Overtime, however, we outgrow this state of consciousness, and a separation occurs between the perceiving self and the perceived object.

We start to project our own conceptual structures onto the world, seeing "objects" in a utilitarian light, rather than as living entities.

As a corollary to this, in one study, it was found that:

"subjects had one or other hemisphere suppressed, and those with their left hemisphere suppressed were ‘like young children or representatives of archaic societies."

degruyter.com/document/doi/1…

The world is disenchanted & devoid of sacred qualities because we've created an industrial society that molds and shapes our attention to suit the needs of capital

Our attention is responsive to the world, so when everything is turned into a machine, we are molded into cogs.

As Ludwig Klages writes, "for the man of today the world agrees so perfectly with the actuality with which he is familiar that he cannot immediately understand why there was an abyss between the original world and spirit."

We only catch glimpses of the original world in dreams:

In Iain McGilChrist's book, the Master and His Emissary, he hypothesizes that western civilization, ever since the time of the Greeks, has gradually started utilizing the left hemisphere more to understand the world.

This has enabled us to master nature but at a spiritual cost.

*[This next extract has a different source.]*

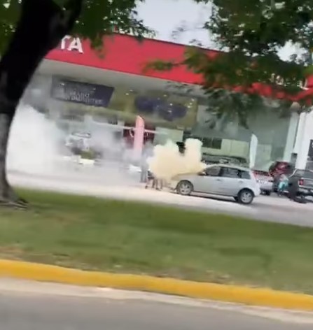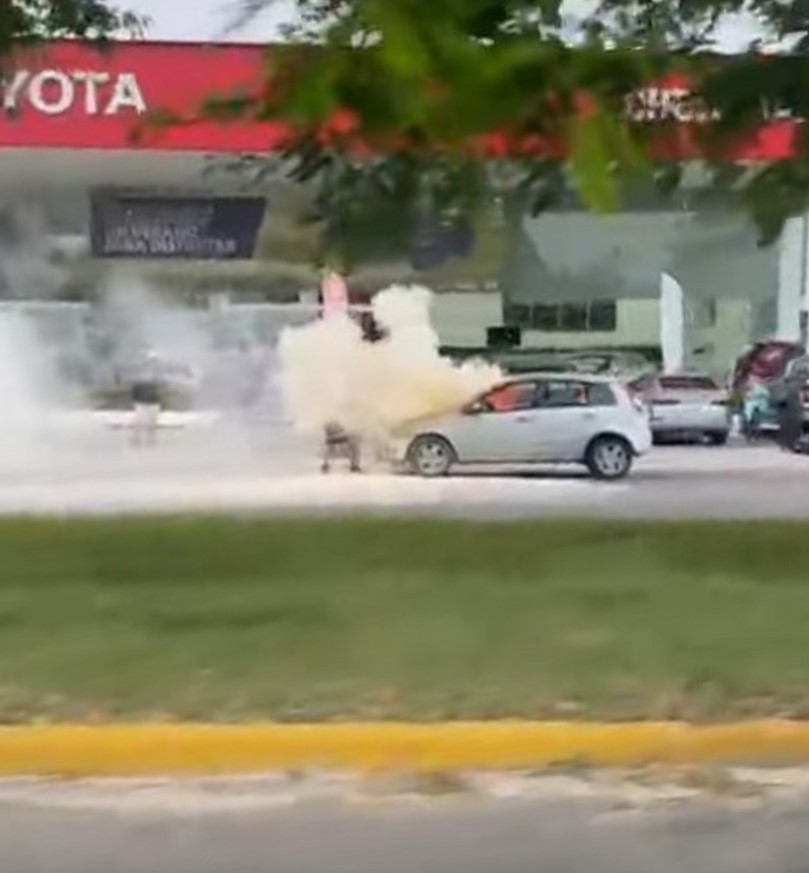 CHETUMAL, 29 de agosto. – La tarde de ayer, un incidente vial causó alarma en Chetumal cuando un Ford Fiesta gris comenzó a incendiarse mientras circulaba sobre la Avenida Insurgentes, entre las calles Palermo y Córcega, justo frente a una conocida agencia de autos. El hecho ocurrió alrededor de las 6:20 p.m. y, de acuerdo con los primeros reportes, se habría originado por una falla eléctrica en el motor.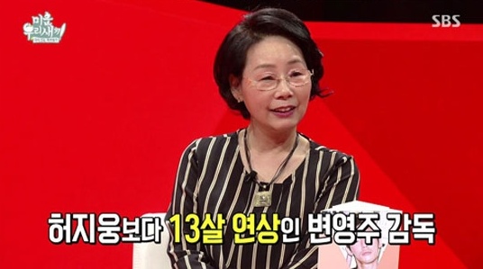 '미우새'에서 서장훈과 한혜진은 허지웅의 모친에게 “변영주 감독이 허지웅보다 13살 연상이다. 두 분이 잘 되면 어떻냐?”고 직접적으로 물었고 이에 허지웅 모친은 “13살이면 너무 많다”고 솔직히 답변하기도 했다.

As a consequence of the preferential utilizatization of the left hemisphere, we've grown to project our egos onto the world

As Klages said, almost all philosophies comprehend the prime cause of the world-content by an analogy of the ego - an unmoved mover, will, absolute, God.

As Nietzsche knew, this all began with Socrates.

As Joseph D. Pryce writes, "Socratic rationalism also gave rise to ethical schemes that were alien to life, being based upon a de-natured creature, as in the idea of man-as-such.”

Man has now lost sight of the stream of life that flows through all things.

The Pelasgians, those ancient people who inhabited the islands and seacoasts of the Mediterranean during the neolithic and bronze age, lived in a completely different world from us - they felt the stream

Klages said that these people were vibrant, healthy, and physically beautiful, in touch with the gods and with nature.

The history of consciousness started with this group of men and women, and has gradually evolved overtime into a different vision of the cosmos.

According to Klages, "the development of human consciousness, from life, to thought, to will, reveals itself in the three-stage evolution from prehistoric man (the Pelasgian), through the Promethean (down to the Renaissance), to the Heraclitean man (where we are now)."

Our ancestral consciousness may be imprisoned by the lifeless world we now inhabit, but it is still possible to open the doors of perception, to revive that child-like wonder that we've forgotten.

Eternal consciousness can always refract itself through the brain.

As Percey Shelly writes:

"The One remains, the many change and pass;
Heaven's light forever shines, Earth's shadows fly;
Life, like a dome of many-colored glass,
Stains the white radiance of Eternity."

Just as the potential of the white light is actualized by the dome, your consciousness, throughout your life, is brought into being and shaped, as it were, by your brain.

The tension between matter and mind that gives rise to you began even before you were born.

Your brain is created by the pairing away of neurons on a colossal scale even before birth; it develops through the continual pruning of synapses over a lifetime.

Matter canalizes consciousness, sculpting a human being with self-awareness out of nature's primordial soup.

As a species, we have forgotten about the cosmic unity from which we arose.

We've all separated from nature, from each other, like ripples from a blade.

But this separation is divine, it is 'you'.

As Goethe writes, "life is not light, but the refracted color."